DATA EXCERPT:
-=-=-

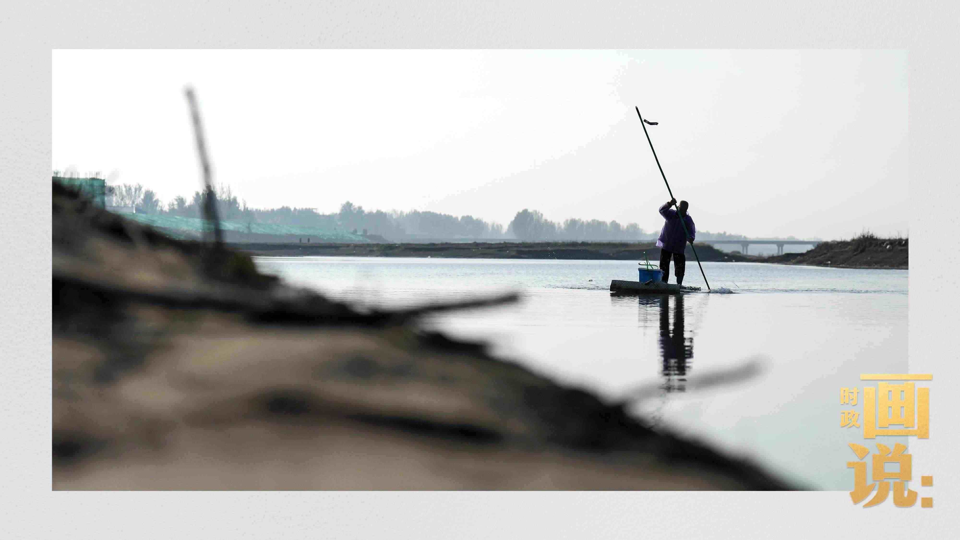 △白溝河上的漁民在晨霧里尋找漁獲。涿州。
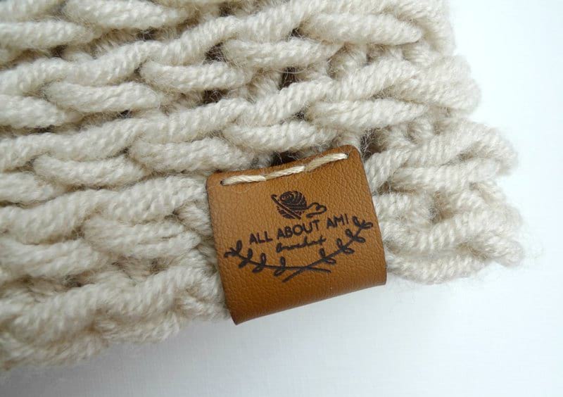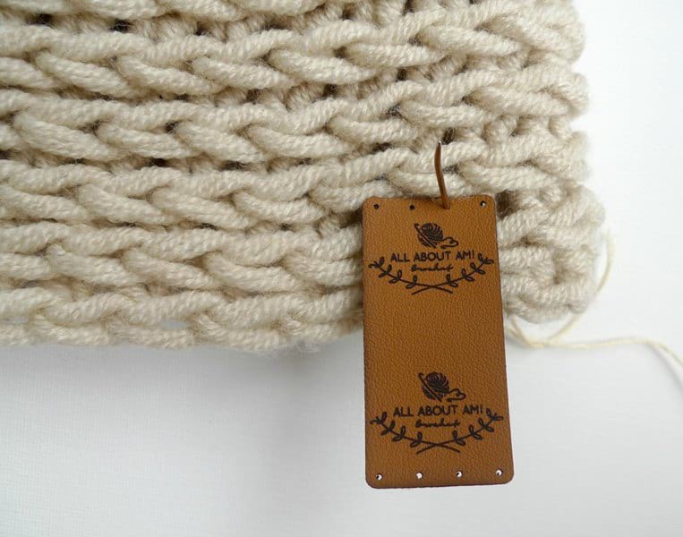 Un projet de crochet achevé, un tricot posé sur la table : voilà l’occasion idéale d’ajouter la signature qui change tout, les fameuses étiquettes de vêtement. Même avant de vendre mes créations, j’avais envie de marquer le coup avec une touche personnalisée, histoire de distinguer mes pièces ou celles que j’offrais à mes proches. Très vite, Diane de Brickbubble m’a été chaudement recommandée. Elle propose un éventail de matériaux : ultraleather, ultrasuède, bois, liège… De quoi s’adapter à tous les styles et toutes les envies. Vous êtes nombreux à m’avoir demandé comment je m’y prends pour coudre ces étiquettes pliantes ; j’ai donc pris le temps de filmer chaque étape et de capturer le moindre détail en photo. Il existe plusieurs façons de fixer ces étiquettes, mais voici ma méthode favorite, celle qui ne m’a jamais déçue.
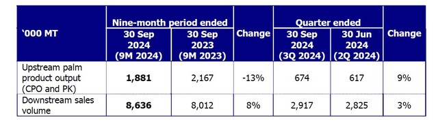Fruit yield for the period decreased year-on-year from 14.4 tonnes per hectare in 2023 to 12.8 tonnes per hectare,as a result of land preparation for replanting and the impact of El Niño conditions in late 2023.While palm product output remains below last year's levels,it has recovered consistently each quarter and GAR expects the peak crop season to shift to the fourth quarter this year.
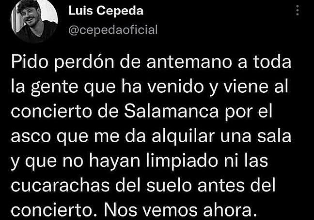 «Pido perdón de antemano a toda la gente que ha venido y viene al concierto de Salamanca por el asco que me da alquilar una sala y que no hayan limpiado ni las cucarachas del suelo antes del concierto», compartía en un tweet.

-=-=-

WHAT YOU SHOULD DO: An exact copy of the lines above, from the first through the line that holds "Un projet de", is what is needed; leave the pictures out.

EXERCISE RESULT:
 △白溝河上的漁民在晨霧里尋找漁獲。涿州。
 Un projet de crochet achevé, un tricot posé sur la table : voilà l’occasion idéale d’ajouter la signature qui change tout, les fameuses étiquettes de vêtement. Même avant de vendre mes créations, j’avais envie de marquer le coup avec une touche personnalisée, histoire de distinguer mes pièces ou celles que j’offrais à mes proches. Très vite, Diane de Brickbubble m’a été chaudement recommandée. Elle propose un éventail de matériaux : ultraleather, ultrasuède, bois, liège… De quoi s’adapter à tous les styles et toutes les envies. Vous êtes nombreux à m’avoir demandé comment je m’y prends pour coudre ces étiquettes pliantes ; j’ai donc pris le temps de filmer chaque étape et de capturer le moindre détail en photo. Il existe plusieurs façons de fixer ces étiquettes, mais voici ma méthode favorite, celle qui ne m’a jamais déçue.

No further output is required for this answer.